Cheerful little yellow training machines. Cadets get their first taste of the wild blue in the cockpit of a de Havilland Chipmunk, then work their way up to sleek Sabres, Voodoos and CF-104 fighters, or hefty Hercules transports and Yukons. But not in Centralia. This is a Primary Flying School. And a Central Officers’ School. With a Language School, an Engineering School and a Supply School, the whole place is one big school.

Centralia plays its role in the web of NATO defence but it is far from the Berlin Wall. Far from the Bay of Pigs, the Suez Canal, Cape Canaveral and the Russian Cosmodrome, far from it all. The Middle Of Nowhere. This is where Jack was awarded his medal: the Air Force Cross. For valour, courage and devotion to duty whilst flying, though not in active operations against the enemy .

The government built Centralia in 1942, part of Prime Minister Mackenzie King’s vision of a vast network of aircrew training bases that prompted President Roosevelt to call Canada “the aerodrome of democracy.”

Canada was one-third of the great North Atlantic Triangle, poised between Britain and the United States. This triangle worked in cunning ways. Under the Lend-Lease plan, many of the airplanes were built in the U.S. — “the arsenal of democracy”—but until the Americans entered the war the planes could not be flown into Canada without violating the United States Neutrality Act. So pilots would fly the new aircraft to Montana or North Dakota and land just shy of the border. Only feet away, a team of horses waited on the Canadian side. The airplane was hitched up and hauled into Canada, then flown to RCAF stations to supply the British Commonwealth Air Training Plan.

Recruits from all over the Commonwealth — Britain and every corner of its former empire — and many American flyboys, before they had their own war, came to Canada. Far from the front lines and out of range of German bombers, over a hundred thousand aircrew were trained — pilots, wireless operators, air gunners and navigators. They got their wings and fed the skies overseas, where they died in droves — most of them on night bombing missions, seven to a crew, in broad moonlight.

At that time Centralia was a Service Flying Training School, last stop before operational training in England, followed by the real thing. Jack was ready to go to England when he pinwheeled in his twin-engine Anson and exploded in the field south of the landing strip. Just short of the ditch. You can see the fringe of longer grass out beyond the taxiway. They pinned a gong on him for valour because he had done the right thing. It felt like reflex at the time but, as it turned out, Jack had made a courageous decision in the air, though not in active operations against the enemy .
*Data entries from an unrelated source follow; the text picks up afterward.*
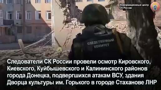 Сотрудники СК России зафиксировали последствия обстрелов Донецка и разрушения Дворца культуры в Стаханове
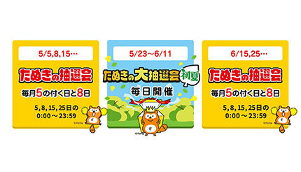 なお、毎月「5」の付く日と「8日」(たぬきの吉日)には、同様に1ポイント以上最大3000ポイント当たる「たぬきの抽選会」を開催しているが、「たぬきの大抽選会 初夏」の期間中は、この「たぬきの抽選会」の対象日が「毎日開催」に拡大するかたちだ。ただし、NewDays、郵便局・簡易郵便局、各調剤薬局、みずほ銀行宝くじ、Suica入金(チャージ)など一部の店舗は対象外。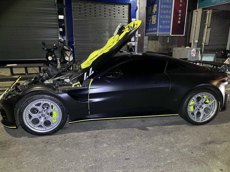 一千四百萬詹姆士龐德御用車,疑轉彎失控連撞三車車頭撞爛,駕駛落跑。(記者孫義方攝)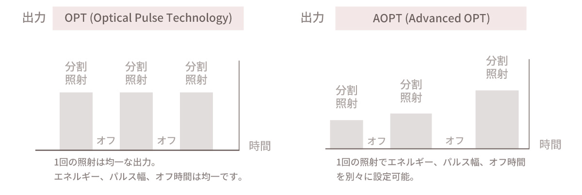 これをOPT(Optimal Pulse Technology:1回の照射を2~3分割して照射できる技術)と言います。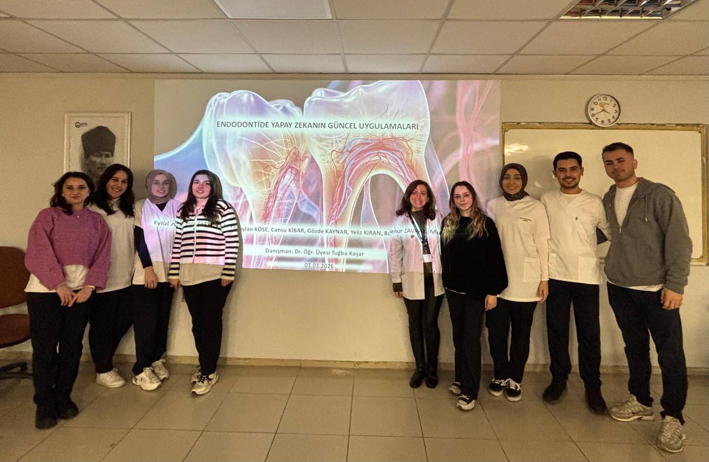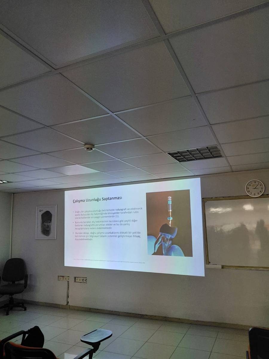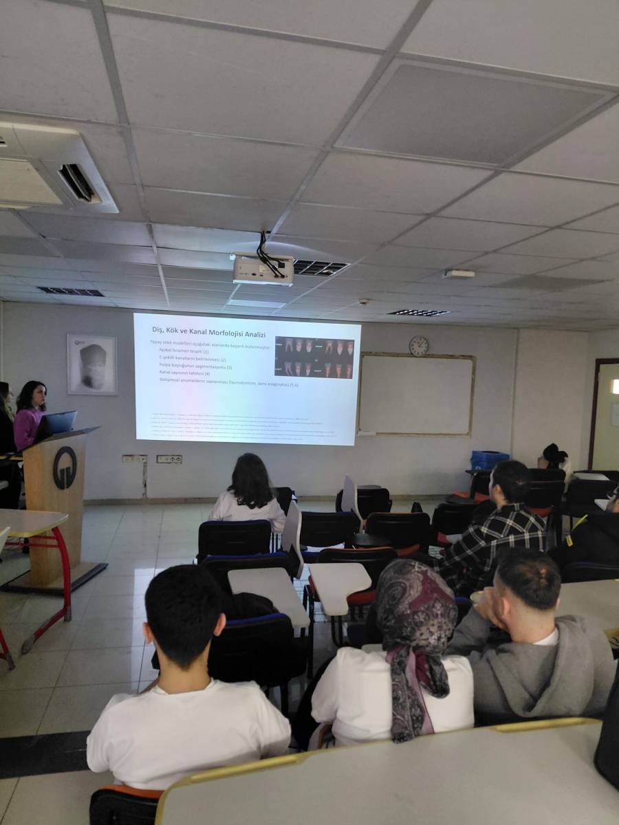Fakültemiz Lisans Programı Dönem V derslerinden “USEC 504 Kanıta Dayalı Diş Hekimliği” dersi kapsamında, Klinik Bilimler Bölümü Endodonti Anabilim Dalı öğretim üyesi Dr. Öğr. Üyesi Tuğba KOŞAR'ın yürütücülüğünde; Stj. Dt. Taylan KÖSE, Stj. Dt. Cansu KİBAR, Stj. Dt. Yeliz KIRAN, Stj. Dt. Gözde KAYNAR, Stj. Dt. Eylül AKAN, Stj. Dt. Busenur ZAVRAK, Stj. Dt. Muhsin YAĞCI ve Stj. Dt. Esra AKPUNAR'ın katkılarıyla "Endodontide Yapay Zekanın Güncel Uygulamaları" başlıklı bilgilendirme semineri gerçekleştirilmiştir.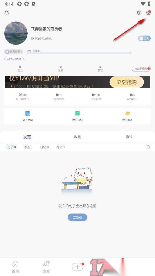1.在我们手机上将句子控app点击打开,即可在打开的页面底部菜单栏中选择我的选项,将其点击一下即可进入。

Last April, when he got his posting notice, Jack laughed. Centralia. Son of a gun. Considered asking for an extension of his European tour of duty, but when he told Mimi, she said, “I want to go home, Jack.” In all the years of their marriage they had spent only four in their own country. She said, “I want our next baby to be born in Canada.” He smiled, needing no more persuasion than her desire for a third child. She loved Europe, but it was time. Time for the kids to know their country. Time, he knew, although she didn’t say, to put some distance between them and the Cold War. When the Wall had gone up last summer, she had said, “We’re too far from home.”